Provided material:
============

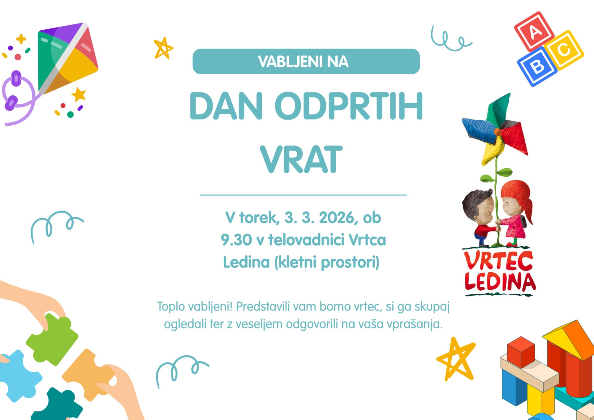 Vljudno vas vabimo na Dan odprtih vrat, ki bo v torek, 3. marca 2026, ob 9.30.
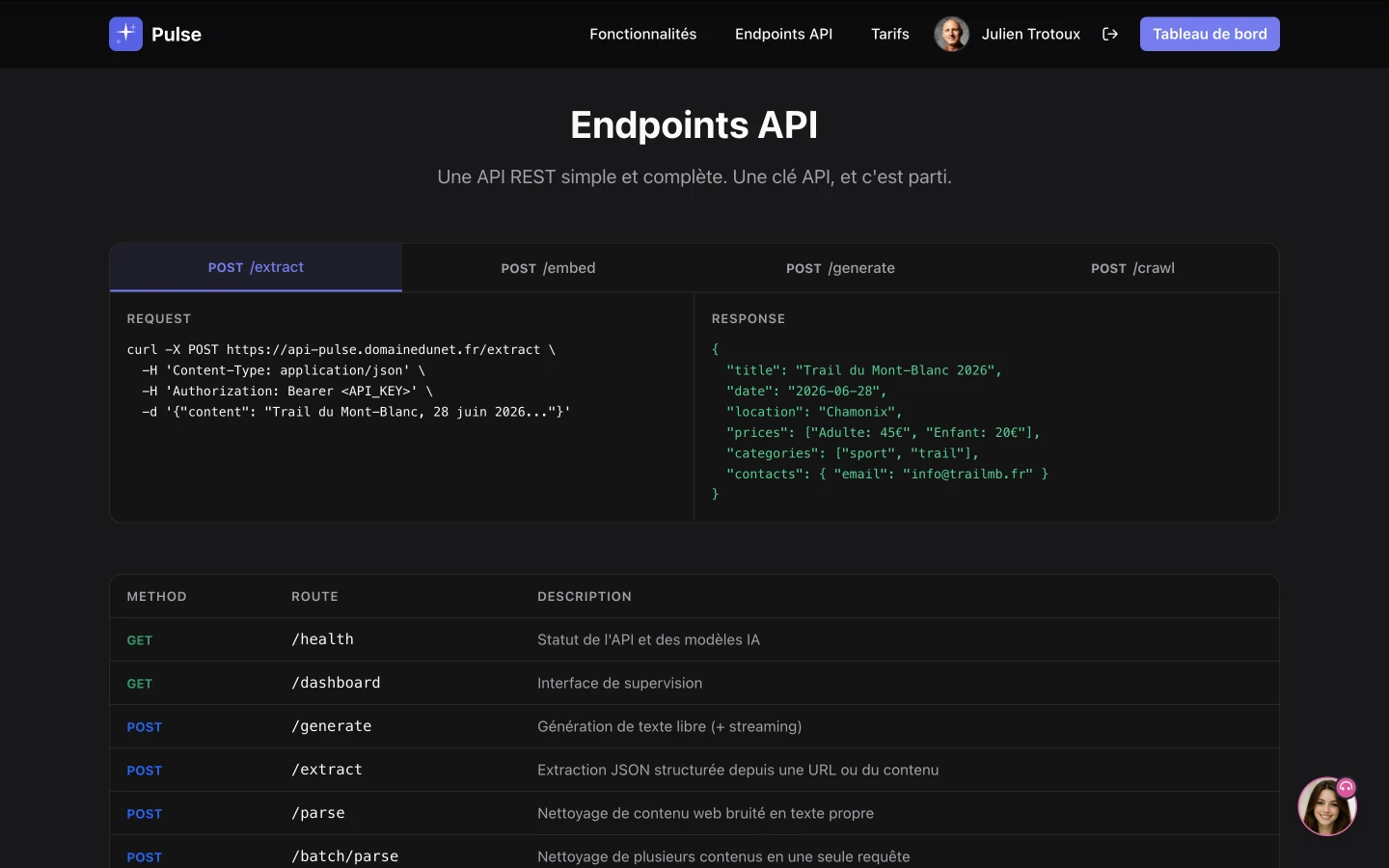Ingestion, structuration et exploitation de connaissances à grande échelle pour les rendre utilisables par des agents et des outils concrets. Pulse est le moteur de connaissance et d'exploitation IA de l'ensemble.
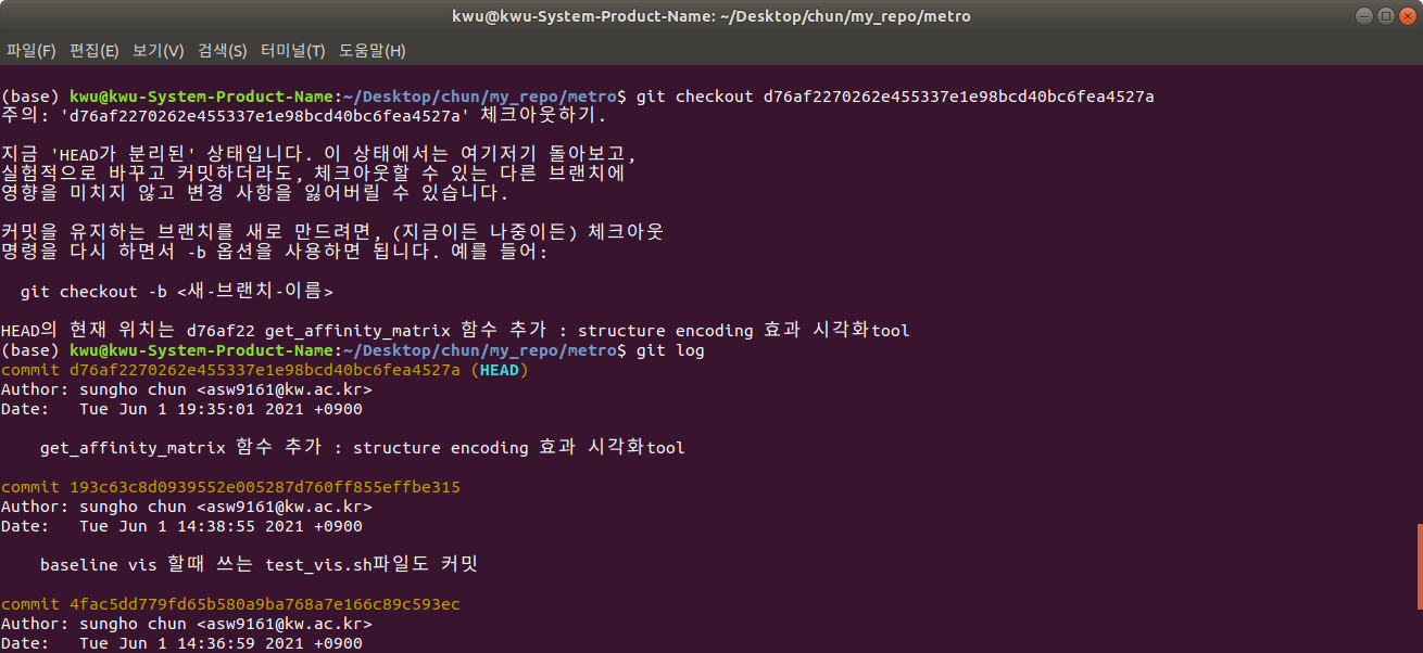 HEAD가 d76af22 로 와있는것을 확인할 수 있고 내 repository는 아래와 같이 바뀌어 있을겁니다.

============

Task prompt:
Where an image appears in the data, skip it, and return the rest verbatim.

Your response:
 Vljudno vas vabimo na Dan odprtih vrat, ki bo v torek, 3. marca 2026, ob 9.30.
Ingestion, structuration et exploitation de connaissances à grande échelle pour les rendre utilisables par des agents et des outils concrets. Pulse est le moteur de connaissance et d'exploitation IA de l'ensemble.
 HEAD가 d76af22 로 와있는것을 확인할 수 있고 내 repository는 아래와 같이 바뀌어 있을겁니다.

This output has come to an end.